Kallas worked at the circulation desk. In 2004, her husband of about 40 years waited across the street for her to come to work. As she walked through the library’s parking lot, her husband shot her four times in the chest and once through the arm.


She is one of many victims of domestic violence in Lorain County. To raise awareness of stories like hers, Genesis House has partnered with organizations and businesses for Domestic Violence Awareness Month, including the Lorain library.


One of its campaigns is an empty seat at the table exhibit. Businesses use a chair and display a frame that tells the story of one of Lorain County’s domestic violence victims.


Executive Director Virginia Beckman said domestic violence is a public health issue that all too often remains in secrecy. October is an opportunity to focus people’s attention on it.

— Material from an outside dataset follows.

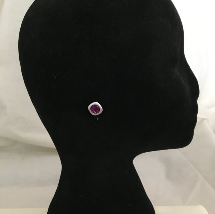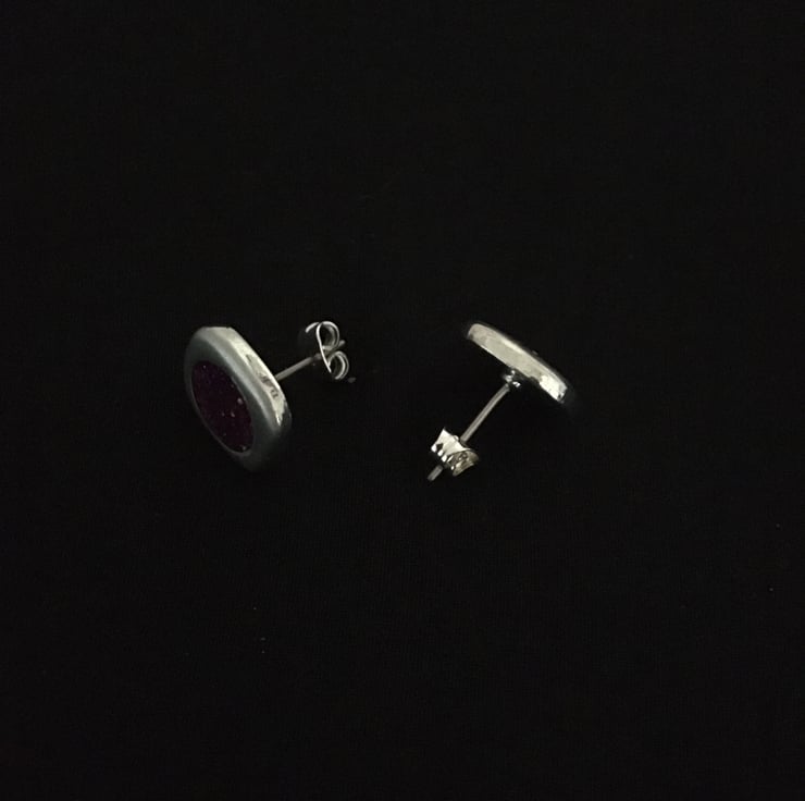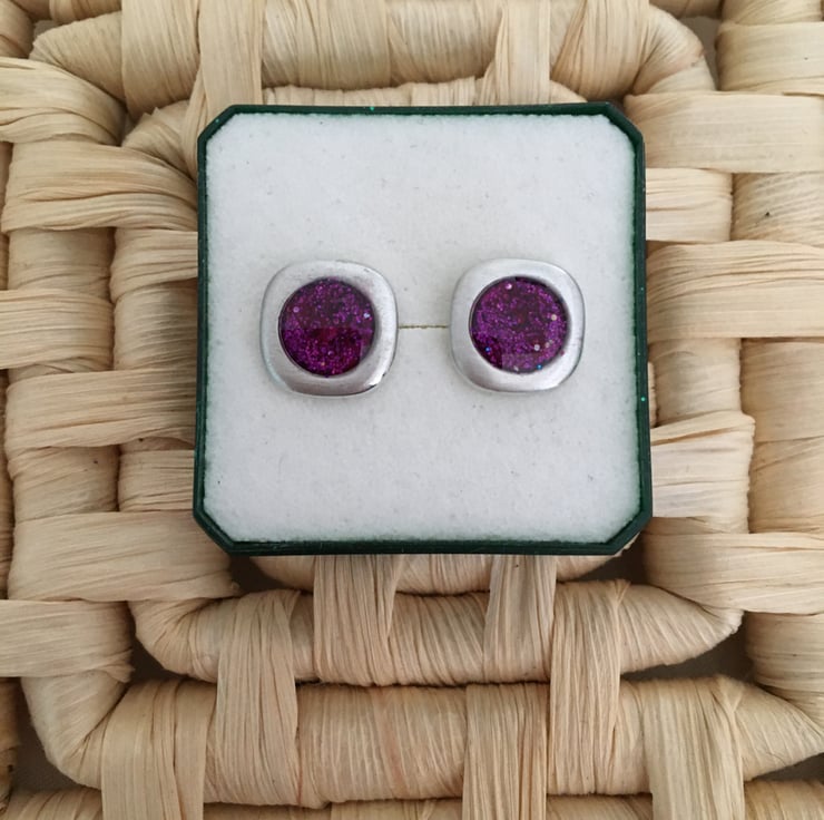 Pretty handcrafted mulberry pink stud earrings with satin silver edging.

She said domestic violence is the leading cause of injury to women in the U.S. — more than car crashes, muggings and rapes combined. Beckman said more than 50 percent of women killed are murdered by an intimate partner.


“The only way we’re going to see an end or a diminution of domestic violence is if it becomes less socially acceptable,” Beckman said. “At this point, misogyny is still the smog we all breathe.”

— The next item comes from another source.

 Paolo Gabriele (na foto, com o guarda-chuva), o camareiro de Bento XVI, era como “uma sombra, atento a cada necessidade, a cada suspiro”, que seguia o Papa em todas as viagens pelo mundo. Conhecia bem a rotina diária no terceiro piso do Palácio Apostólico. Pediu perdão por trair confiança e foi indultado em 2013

Anastasia Diamond-Ortiz, executive director at the library, said the display put up this month for Kallas has a very personal meaning for the organization. She said it was important for the entire staff to bring awareness to domestic violence. It was important that they talk about Kallas.


Beckman said when they approached the library about doing the display, everyone was overwhelmingly on board.

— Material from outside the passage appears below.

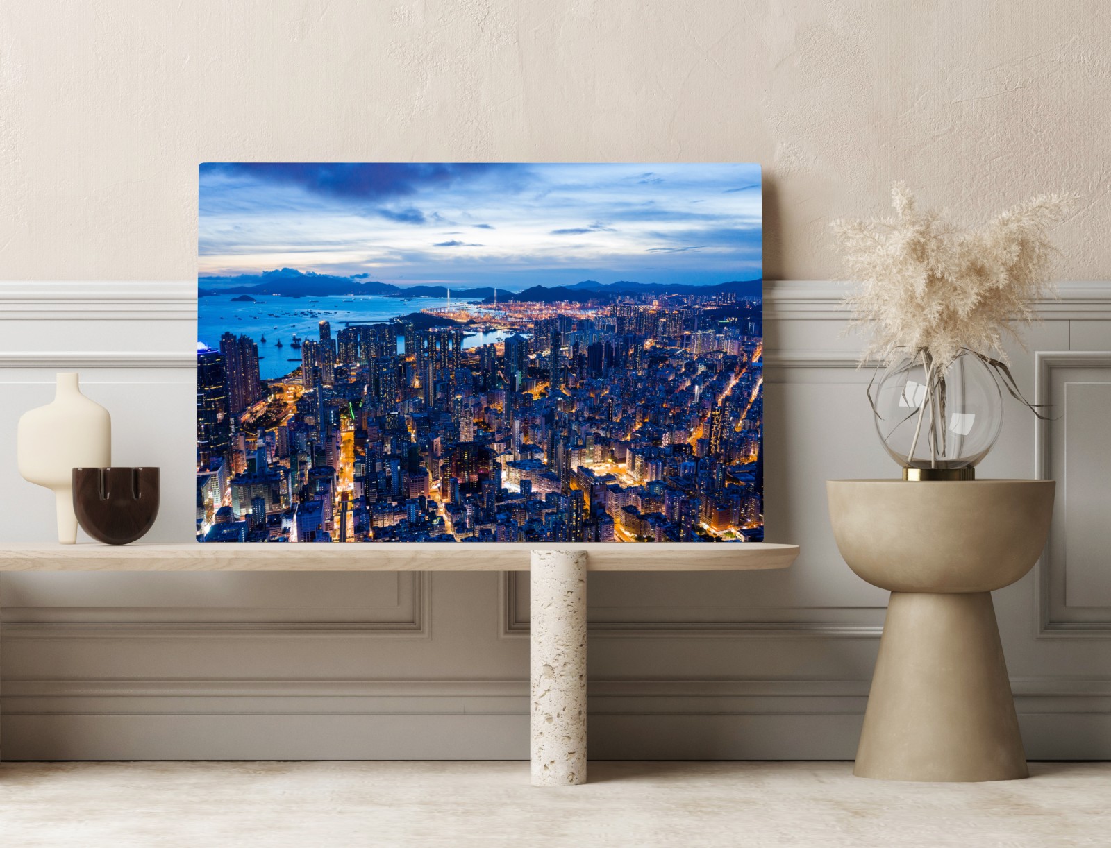 Dramatische Luftaufnahme der beleuchteten Skyline von Hongkong in der Dämmerung, ideal zur Schaffung urbaner Energie und Tiefe in jedem Raum.

Diamond-Ortiz said domestic violence touches so many lives, but it isn’t talked about a lot. For patrons of the library to come in and see the empty seat and read the story, Diamond-Ortiz said she hopes it shows them that this is real and in the community.


Some of the businesses participating include male-dominated places, Beckman said, like police departments, gyms and barbershops.


Beckman said it will take a culture shift for domestic violence to become less acceptable.

“The more and more that the peer group of abusers, or other men, actually speak out against it and take a stand against it, then we’re going to start to see domestic violence decrease,” she said.


With the pandemic putting more people in isolation, Beckman said it’s important that Genesis House continue its outreach throughout the year.


It's put out billboards throughout the county, created a website and started a podcast. With isolation comes an increased risk for people experiencing domestic violence, Beckman said.

Also happening in the county are purple ribbons on display along Broadway in Lorain, at the Lorain County Community College and on Ely Square from Oct. 18 to Oct. 22.


The larger exhibit — the silent witness exhibit — features life-size silhouettes that tell the story of each Lorain County resident that was a domestic violence victim. Those were at LCCC until Friday. They are now moving to Marion L. Steele High School in Amherst.


Beckman said it’s important to bring awareness to teenagers as well.

Genesis House teaches a curriculum that shows students in grades seven through 12 how to respond if a friend is experiencing domestic violence. Beckman said teens are more likely to go to another teen if they experience domestic violence.


Marion L. Steele High School also has Team Street Team, which is students becoming ambassadors to further their education and learn more about domestic violence. They put on awareness campaigns, create posters and do activities to raise awareness.


Local bars are also placing informational tents on bars and tables at places including Bistro Bella Luna, Kim’s Grocery & Carryout, Bingo Chinese Restaurant and Sterks Catering.